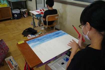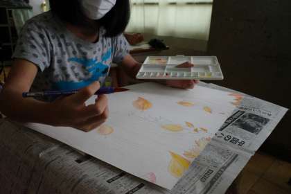 5年1組では,お話を絵にするコンクールに向けて,子どもたちが一生懸命に画用紙と向き合っていました。5年1組は,内館牧子さんの「小さな神たちの祭り」という本を題材にしています。震災と家族をテーマにした高学年らしい作品です。イメージを広げ,自分の表現を工夫している様子が見られました。
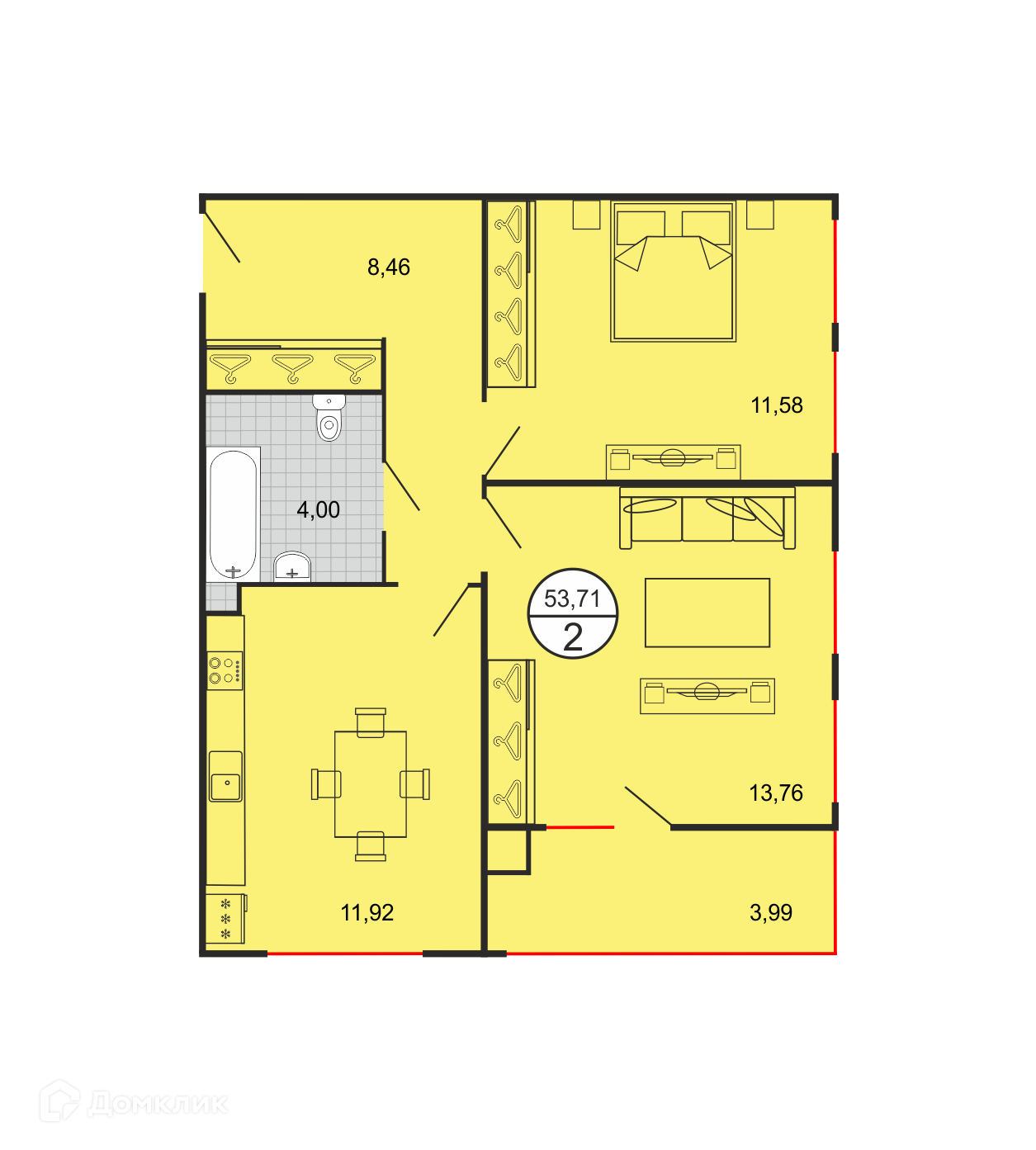 - Общая площадь: 53.71 м²
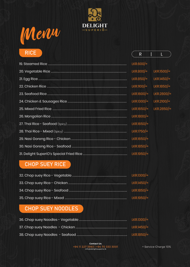 At Delight SuperiÔ, we bring you the tastes you love and the choices you crave. From rich Sri Lankan spices to bold Chinese flavors and international favorites, every dish is crafted to delight your palate. Whether you seek comfort food or exciting new flavors, our diverse menu has something for every craving. Enjoy fresh, high-quality ingredients, expertly prepared, in a warm and inviting setting—where every bite is pure satisfaction.
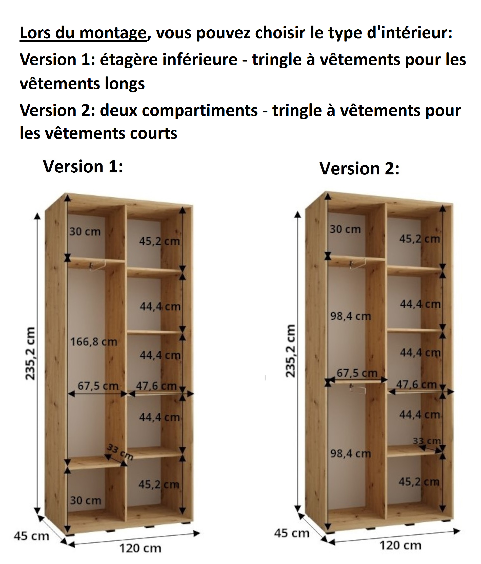 Dimensions : hauteur : 235,2 cm, largeur : 120 cm, profondeur : 45 cm. Dans le kit se trouvent les brosses anti-poussière. Choix du type d'intérieur lors de l'assemblage : version 1 - un compartiment long, une barre de suspension, version 2 - deux compartiments courts, deux barres de suspension.
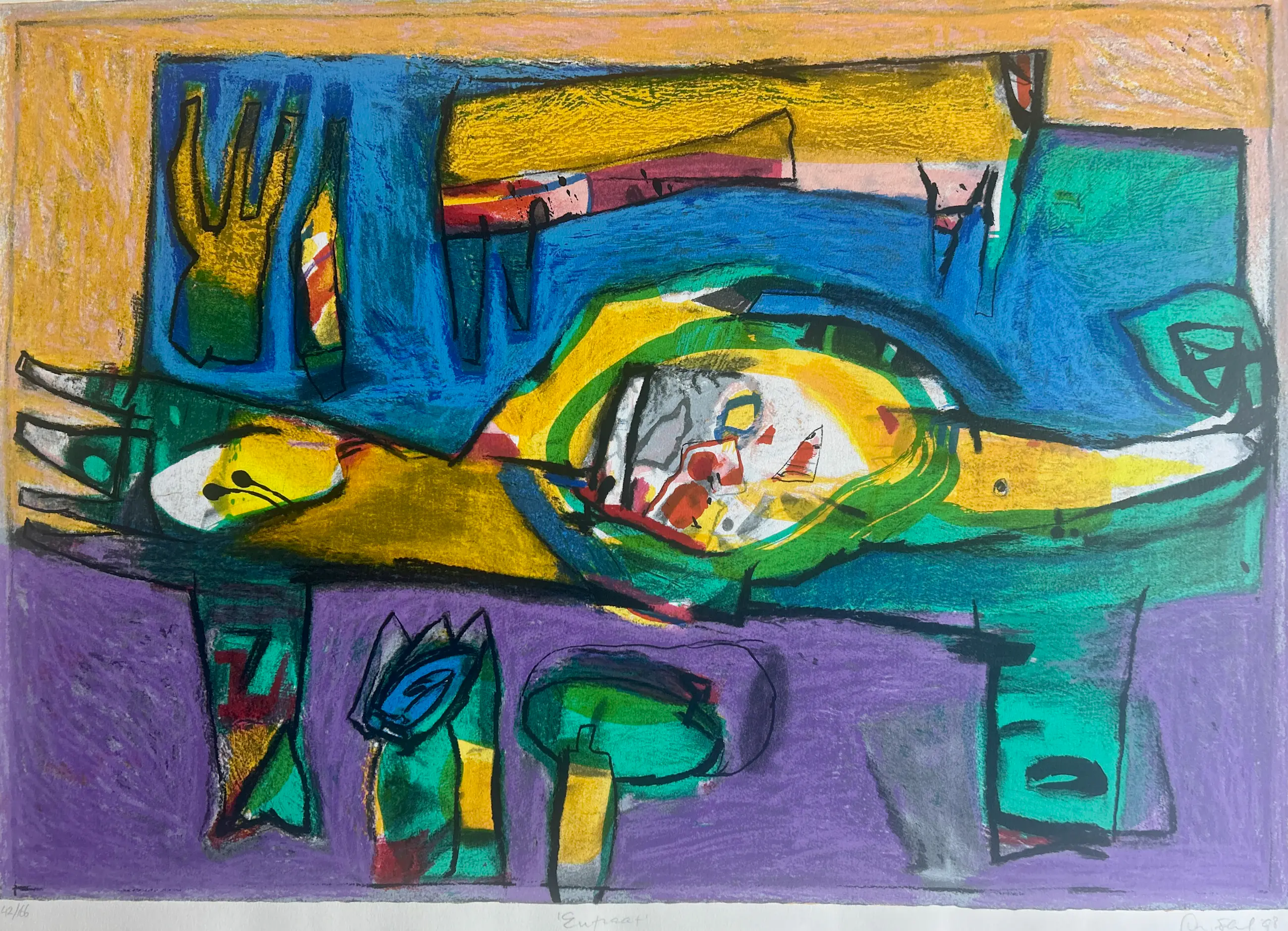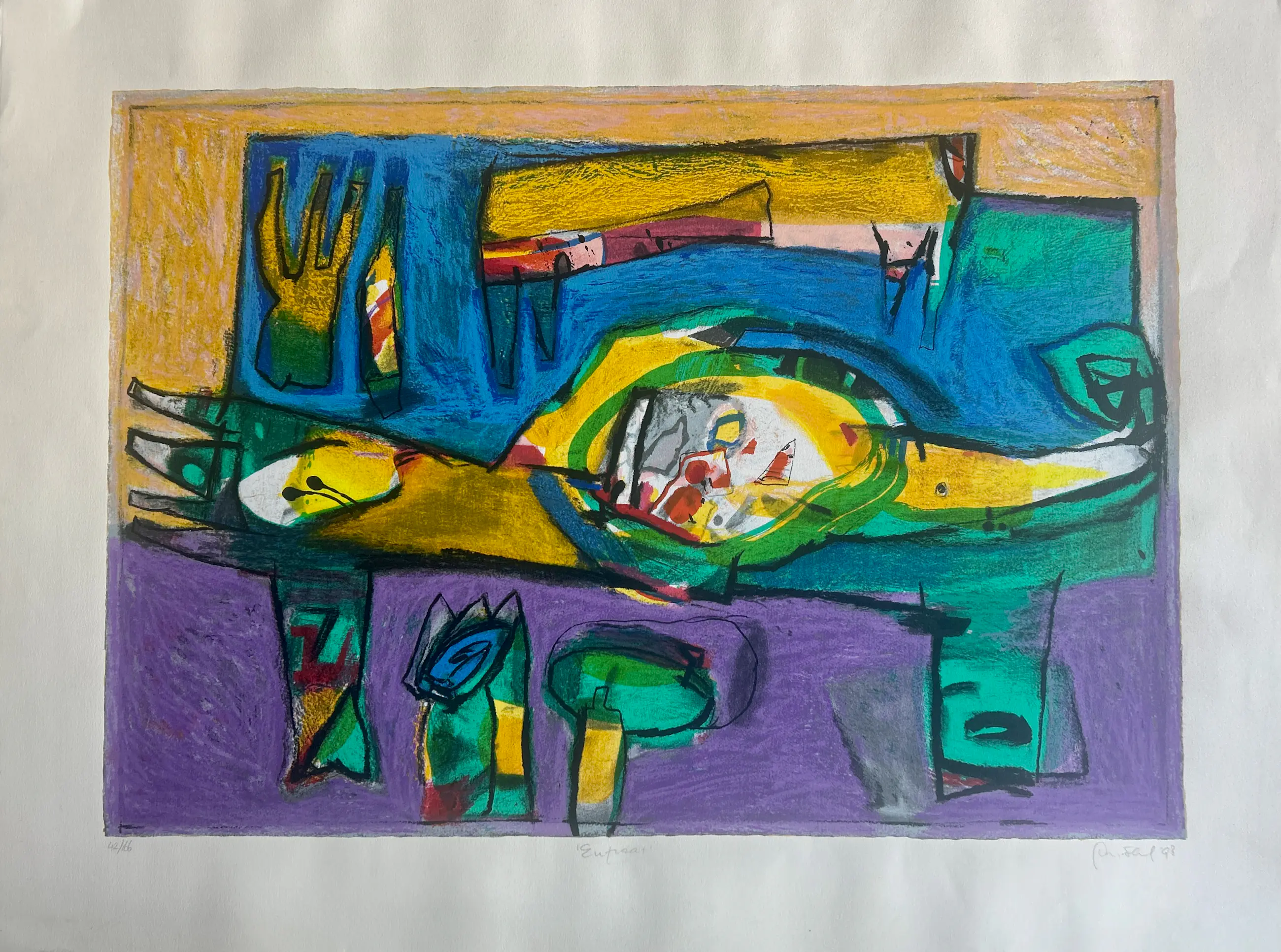 Conditie: zeer goed. Vel heeft lichte deukjes en licht vlekje onderaan vel links, zie foto's. Oplage: 42/166. Afmeting: afbeelding 70 x 99 cm. Wordt zorgvuldig verpakt en verzekerd verzonden.
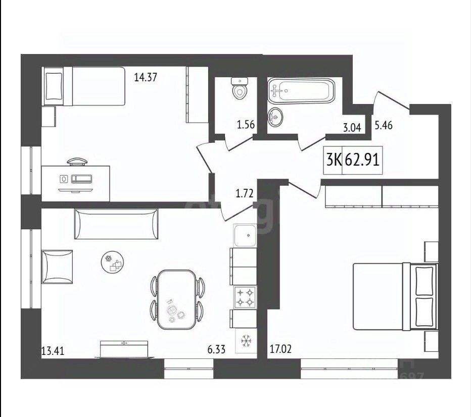 Продаётся 3-комнатная квартира в строящемся доме (Премьер парк), срок сдачи: III-кв. 2029, общей площадью 62.91 кв.м., на 11 этаже. Жилой комплекс "Премьер Парк" расположен в живописном микрорайоне Тихие Зори города Красноярска, неподалеку от реки Енисей и знаменитого железнодорожного моста, удостоенного гран-при наравне с Эйфелевой башней. Вблизи комплекса находятся такие достопримечательности, как фан-парк "Бобровый Лог", заповедник "Столбы" и река Базаиха с её живописной поймой. Чтобы провести время на природе понадобиться потратить всего несколько минут на дорогу.
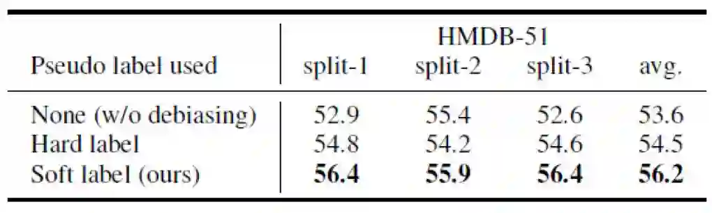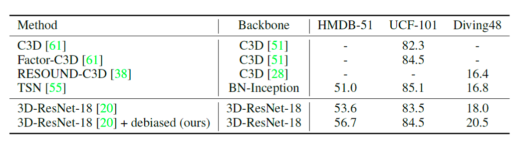 在动作分类任务上的实验结果如表1所示。通过增加去除场景偏差的操作,三个数据集上的表现都有所提高。
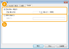 송신하는 매수를 표지에 포함하려면 이 확인란을 선택하고 [전송 매수]에서 매수를 지정합니다. 송신 매수는 자동으로 카운트되지 않습니다. 여기에 지정된 값은 표지에 포함됩니다.

(TASK DESCRIPTION): Print only the lines running from the line that contains "Продаётся 3-комнатная квартира" to the final line of the listing, both included. Omit every picture.

(EXERCISE ANSWER):
 Продаётся 3-комнатная квартира в строящемся доме (Премьер парк), срок сдачи: III-кв. 2029, общей площадью 62.91 кв.м., на 11 этаже. Жилой комплекс "Премьер Парк" расположен в живописном микрорайоне Тихие Зори города Красноярска, неподалеку от реки Енисей и знаменитого железнодорожного моста, удостоенного гран-при наравне с Эйфелевой башней. Вблизи комплекса находятся такие достопримечательности, как фан-парк "Бобровый Лог", заповедник "Столбы" и река Базаиха с её живописной поймой. Чтобы провести время на природе понадобиться потратить всего несколько минут на дорогу.
 在动作分类任务上的实验结果如表1所示。通过增加去除场景偏差的操作,三个数据集上的表现都有所提高。
 송신하는 매수를 표지에 포함하려면 이 확인란을 선택하고 [전송 매수]에서 매수를 지정합니다. 송신 매수는 자동으로 카운트되지 않습니다. 여기에 지정된 값은 표지에 포함됩니다.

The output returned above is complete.